Thursday, January 26, 2006

Capturing dividends--the path to low risk returns?

For a long time I have been intrigued with instantaneous jumps or in trader parlance "gaps" in stock prices. As near as I can tell there are 3 sources of these sorts of jumps where a stock price makes no attempt to trade at intermediate values, but rather pops up or falls immediately to a new level:
  1. News surprises (e.g. due to earnings warnings, analyst upgrades, business deals, market panics),
  2. Large blocks of stocks being bought or sold, and
  3. Dividends. Dividends are interesting because they are announced ahead of time to happen on a certain date. On the "ex-dividend" date any shareholder that owned the stock prior to that day becomes eligible to receive a stated amount of money per share of stock that they own. It doesn't matter if you have owned the stock for one day before or 5 years --that money shows up in your brokerage account typically a couple of weeks later on the "distribution date".
The first two are inherently unpredictable, but wiht dividends, at least the date, and usually the amount is predictable.

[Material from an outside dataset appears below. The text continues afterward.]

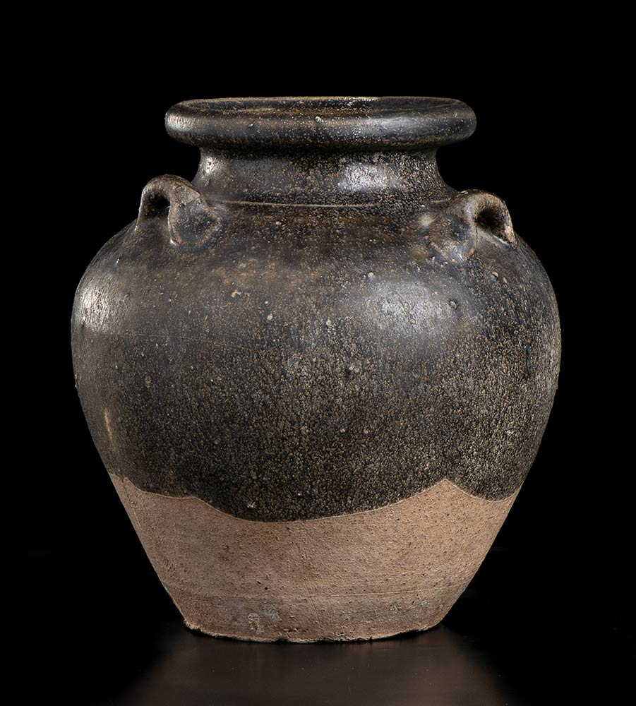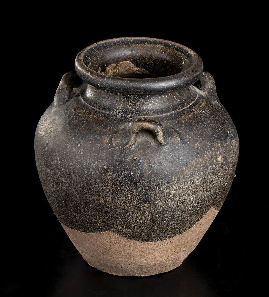 Corpo globulare e breve collo cilindrico con piccole anse ad anello sulla spalla, l'esterno con invetriatura marrone.

With dividends the amount of money can be significant--for example NAT just paid out a dividend of $1.88 on a stock that was trading around $36 -- a 5.2% payout. At 1st glance this looks like a great deal, but like all things on Wall Street there is no free lunch. For starters, at opening, the day that the dividend is locked in--the ex-dividend date-- the stock typically drops an amount that is equivalent to the dividend. So, if you buy the stock to collect the dividend, you need to remember that the stock+dividend price at opening on the ex-dividend day will give you about a wash. The fun then begins as to whether the stock bounces back up to the previous day's level or drops due to participation in the general market action. Welcome to day trading....

Because of this dependence on market action, just buying stocks to capture the dividends is an iffy deal. I will write more posts on this subject detailing some of my attempts at capturing dividends without being immediately embroiled in market action.